Però riguarda ben; sì vederai

cose che torrien fede al mio sermone».

 

Dante sente levarsi dei lamenti da ogni parte e non vede chi li emette, perciò si ferma e rimane confuso. Egli crede che degli spiriti si nascondano tra le piante, ma Virgilio, che ha intuito l’errore del discepolo, lo invita a spezzare un ramoscello da uno degli alberi per scoprire il mistero che circonda la selva. Dante obbedisce e appena ha spezzato il ramo di un albero, dal tronco esce, mista a sangue nero, la voce di uno spirito che accusa Dante di non avere pietà nei suoi confronti. Dal tronco spezzato escono le parole, simili ad un soffio, e insieme il sangue, cosa che induce Dante a lasciar cadere a terra il ramo e a restare in attesa, pieno di timore. Virgilio prende la parola e dice all’anima imprigionata nell’albero di essere stato costretto a indurre Dante a compiere quel gesto, perché solo così egli avrebbe compreso ciò che lui stesso aveva cantato nei versi dell’Eneide. Quindi invita il dannato a manifestarsi e a raccontare la sua storia, affinché Dante, tornato sulla Terra, possa risarcirlo del danno subìto restaurando la sua fama (vv. 31-39):

 

«Allor porsi la mano un poco avante

e colsi un ramicel da un gran pruno;

e ’l tronco suo gridò: “Perché mi schiante?”.

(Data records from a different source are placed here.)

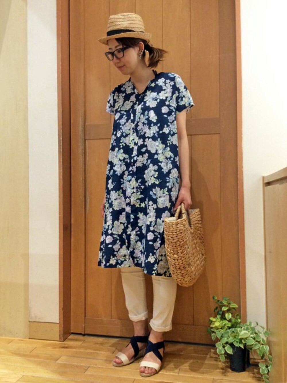休日のおでかけスタイル♪ ワンピースは、トレンドのボタニカル柄が印象的。ゆったりシルエットでリラックス感のある着心地です。 天然素材の小物をあわせると、よりリゾート感のあるコーディネートになります。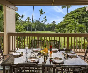 The spacious and covered lanai allows barbecuing while looking over the lush greenery and golf course.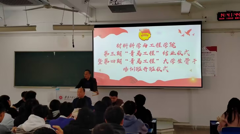为深入学习贯彻习近平新时代中国特色社会主义思想、党的二十大精神和团十九大精神,11月22日下午, 亚洲色图 在6教213举办院“青马工程”第四期大学生骨干培训班开班仪式,院党委书记郭广春、党委副书记方玖胜、团委书记陶冶、团委教师兼职副书记田园以及全体第三期、第四期青马班学员参加仪式。仪式由陶冶主持。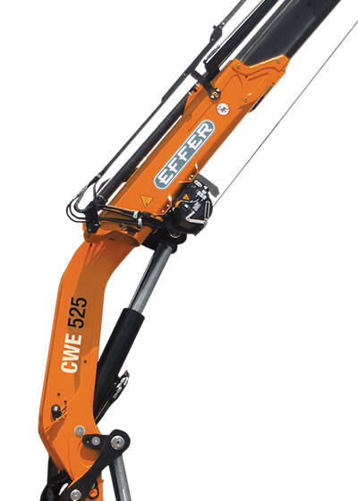 Les stabilisateurs des grues CWE 525, avec le système de traverse croisées donnent au châssis de la grue une résistance incomparable à la torsion en maintenant les dimensions compactes lors du transport. Les vérins de stabilisation, robustes à débattement important, facilitent à maintenir la grue sur un terrain très irrégulier.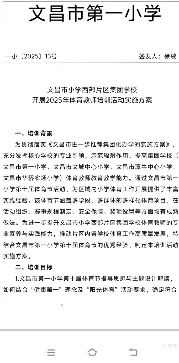 为贯彻落实《文昌市进一步推荐集团化办学的实施方案》,充分发挥核心学校的专业引领,示范辐射作用,提高集团学校(文昌市第一小学、文昌市文城中心小学、文昌市潭牛中心小学、文昌市华侨农场小学)体育教师教育教学能力。更为了进一步提升文昌市小学西部片区集团学校体育教师的专业素养与实践能力,推动片区内各学校体育工作高质量发展,文昌市第一小学结合第十届体育节的优秀经验,在11月17日开展片区体育教师培训活动。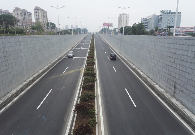 道路等级:本项目采用一级公路兼顾城市道路功能标准,路基宽44米,沥青混凝土路面;隧道段采用分离式双向四车道,设计速度60km/h,建筑限界净宽2×10米,净高5米,设计荷载等级为公路-I级;解放南路(G312-南屏路)衔接改造解放南路宽60米,机动车道为双向八车道,两侧各设置5.5米宽非机动车道。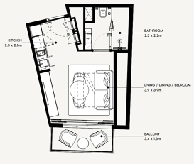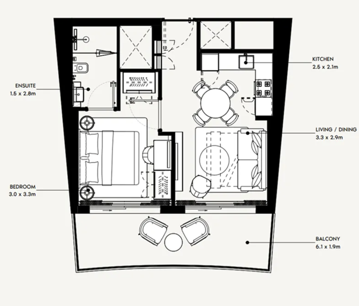 Комплекс представляет собой многоуровневое здание с развитой внутренней инфраструктурой: четыре подземных уровня, цокольные этажи, подиумная часть, 11 жилых этажей и эксплуатируемая кровля. В проекте представлены студии, апартаменты с одной и двумя спальнями, выполненные в современном стиле с акцентом на функциональность и комфорт. Интерьеры оформлены в светлой нейтральной палитре, что визуально расширяет пространство и создаёт уютную атмосферу для повседневной жизни.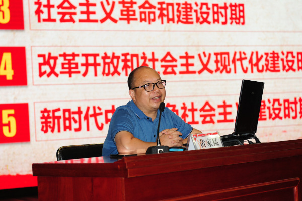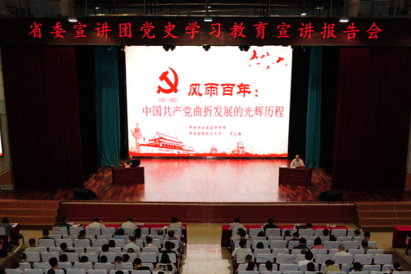 黄家猛教授从学术角度,用辩证思维,以《风雨百年:中国共产党曲折发展的光辉历程》为题,深入浅出,旁征博引地从“中国共产党历史发展脉络”、“新民主主义革命时期”、“社会主义革命和初步建设时期”、“改革开放和社会主义现代化建设时期”、“新时代中国特色社会主义建设时期”五个层面,梳理了中国共产党的百年发展历程,深刻阐述了中国共产党发展的光辉历程,并重点就“新民主主义革命时期”中国共产党曲折发展的数次历史重要节点开展讲述,同时阐述了湖北在中国共产党发展历史中的重要方位。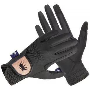 Eleganckie rękawiczki wykonane z antypoślizgowego materiału. Na rzepie posiadają haft korony na brokatowym tle. Na kciuku i palcu wskazującym wstawka z materiału umożliwiającego korzystanie z ekranów dotykowych.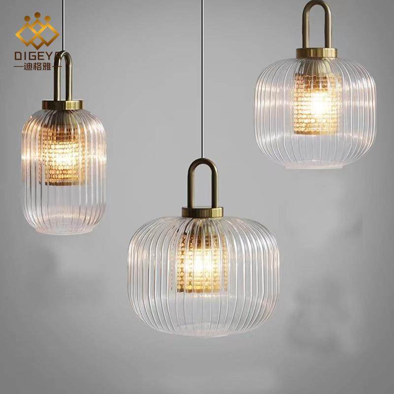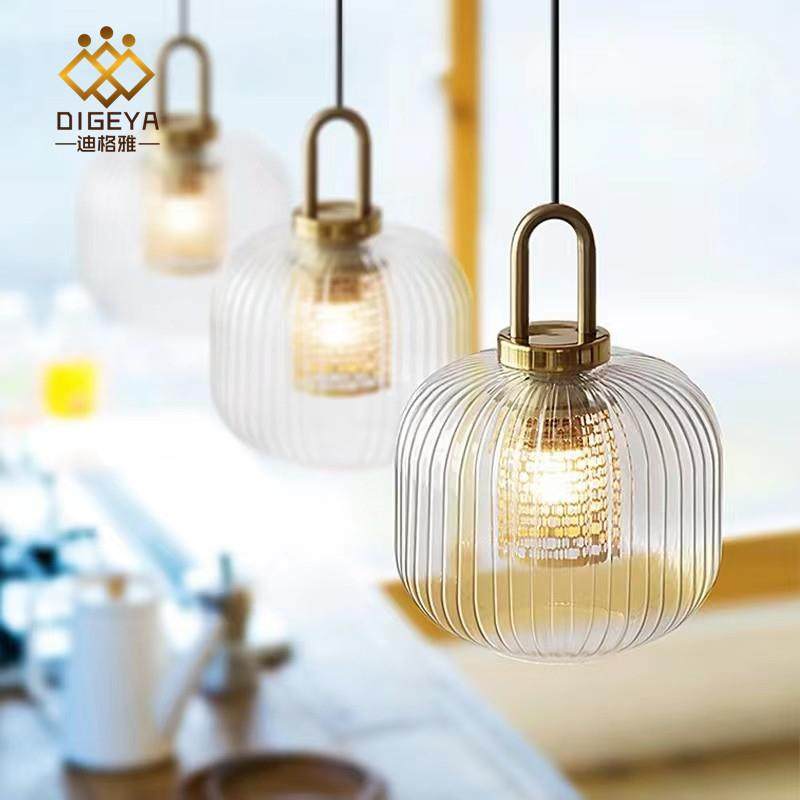 北欧后现代简约餐厅吧台吊灯清光条纹玻璃装饰氛围南瓜灯饰照明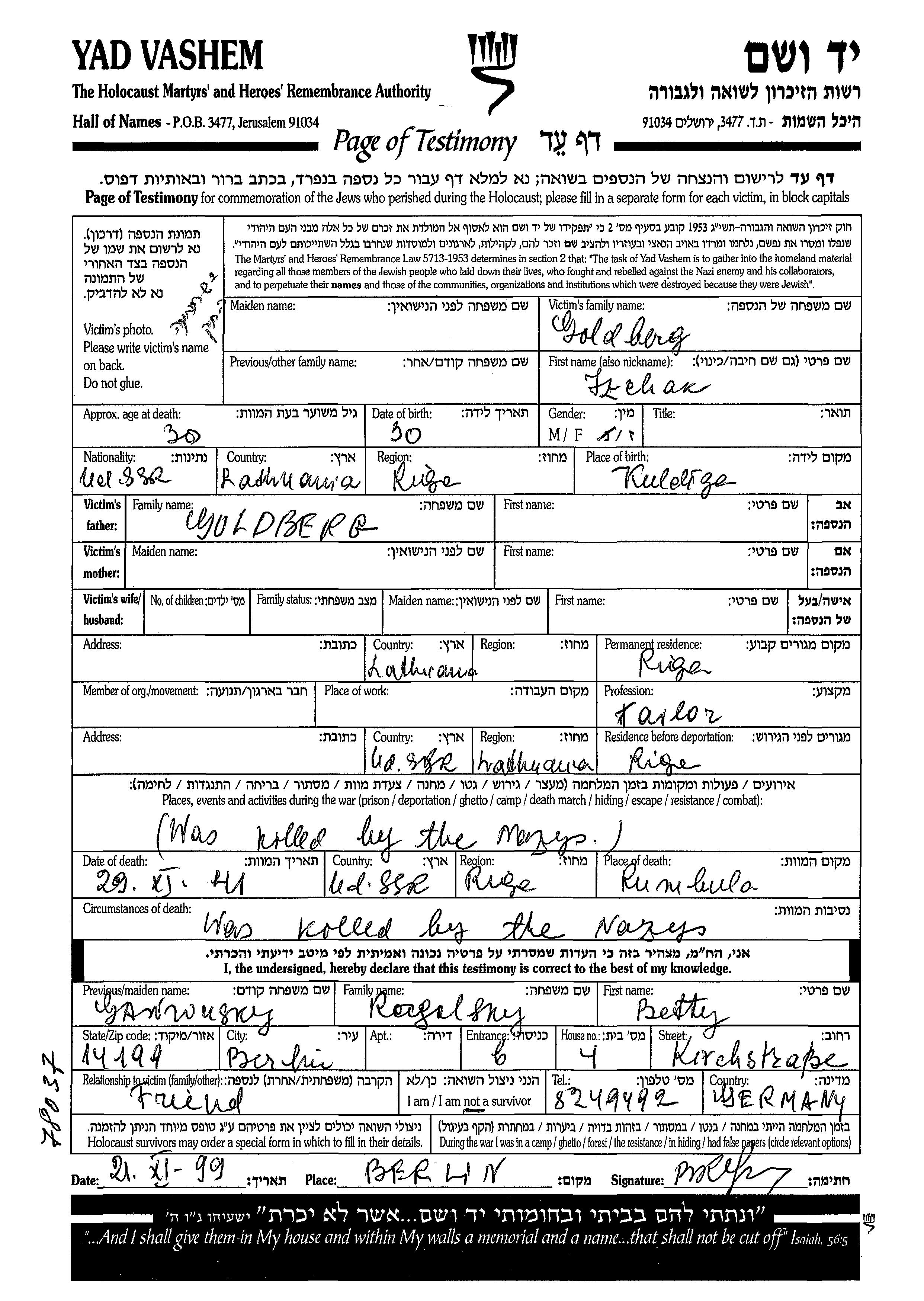 Yad Vashem - Pages of Testimony Names Memorial Collection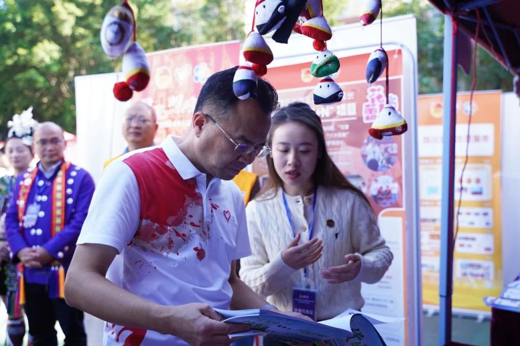 在项目展示区,团中央青年志愿者行动指导中心党委书记张朝晖了解了学校“黔货出山,‘电’亮新农人乡野梦”志愿服务项目,并给予项目高度认可。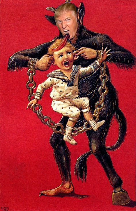 Well, for your reading pleasure (or nightmares), I've uncovered a true Krampus residing in the United States! And not only does he operate year round, he tortures predominantly good children, kissing them into dreadful nightmares! Ladies and gentlemen, I give you...Trumpus.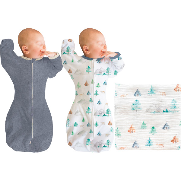 モスリンおくるみ1枚&夜泣き対策!スワドルサック2枚セット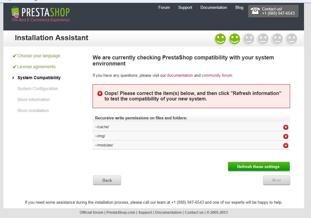 CPace Posted June 21, 2013 Share Posted June 21, 2013 I have started the installation process. I've gotten to step 3 System Compatability. I've had to change permissions to quite a few directories to 777. I now have 3 directories left that I can't get passed. cache img modules All 3 of these directories have permissions set to 777 but I still am getting errors. I've attached a copy. Any help would be appreciated. Link to comment Share on other sites More sharing options...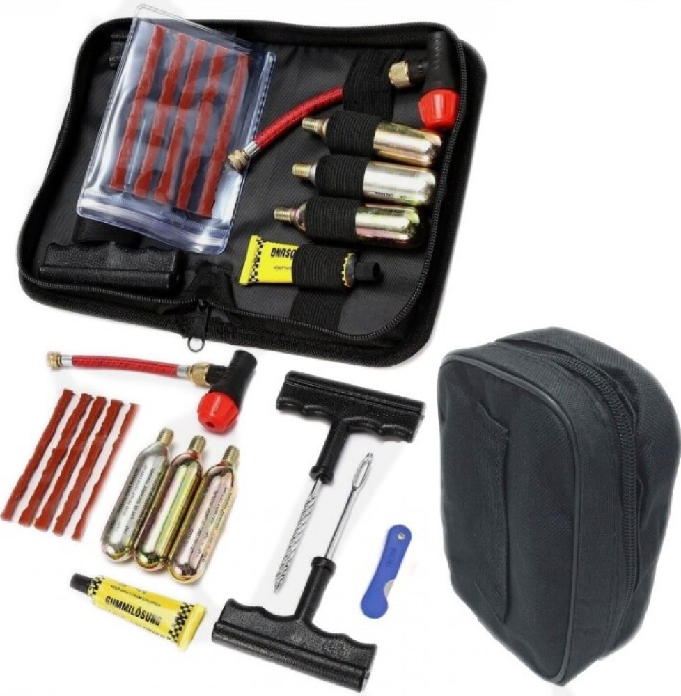 Tato vysoce kvalitní sada pro opravu pneumatik je nezbytným pomocníkem pro řidiče skútrů, čtyřkolek, motocyklů a automobilů. Její kompaktní rozměry 17 cm × 10 cm × 5 cm umožňují snadné uložení pod sedadlo motorky nebo do malého pouzdra. Sada obsahuje vše potřebné pro efektivní a rychlou opravu bezdušových pneumatik. Obsah sady TXR Sada na opravu pneu3× 16 g bombička CO2 (stoupání závitu 3/8" / 24 ...

Da che fatto fu poi di sangue bruno,

ricominciò a dir: “Perché mi scerpi?

non hai tu spirto di pietade alcuno?

Uomini fummo, e or siam fatti sterpi:

ben dovrebb’esser la tua man più pia,

se state fossimo anime di serpi”.». 

 

A questo punto il dannato dichiara che l’offerta è troppo allettante per rifiutarla, quindi inizia a raccontare la sua storia. Scopriamo che il dannato è Pier delle Vigne, colui che fu intimo collaboratore di Federico II di Svevia, tanto fedele da diventarne il solo depositario di tutti i segreti. Per tutta la sua vita aveva svolto il suo incarico con lealtà e dedizione, al punto da perderne la serenità e la vita stessa: infatti il suo zelo aveva acceso contro di lui l’invidia dei cortigiani, facendo crescere le malelingue della corte, e gli stessi cortigiani sobillarono il sovrano e lo indussero ad accusarlo di tradimento. In seguito Pier delle Vigne si era tolto la vita, credendo in tal modo di sfuggire allo sdegno del sovrano e finendo per passare dalla ragione al torto. L’anima conclude il racconto giurando sulle radici della pianta in cui è rinchiuso di essere innocente dell’accusa rivoltagli a suo tempo, pregando Dante di confortare la sua memoria se mai ritornerà nel mondo. (vv. 64- 75):

 

“La meretrice che mai da l’ospizio

di Cesare non torse li occhi putti,

morte comune e de le corti vizio,

infiammò contra me li animi tutti;

e li ’nfiammati infiammar sì Augusto,

che ’ lieti onor tornaro in tristi lutti.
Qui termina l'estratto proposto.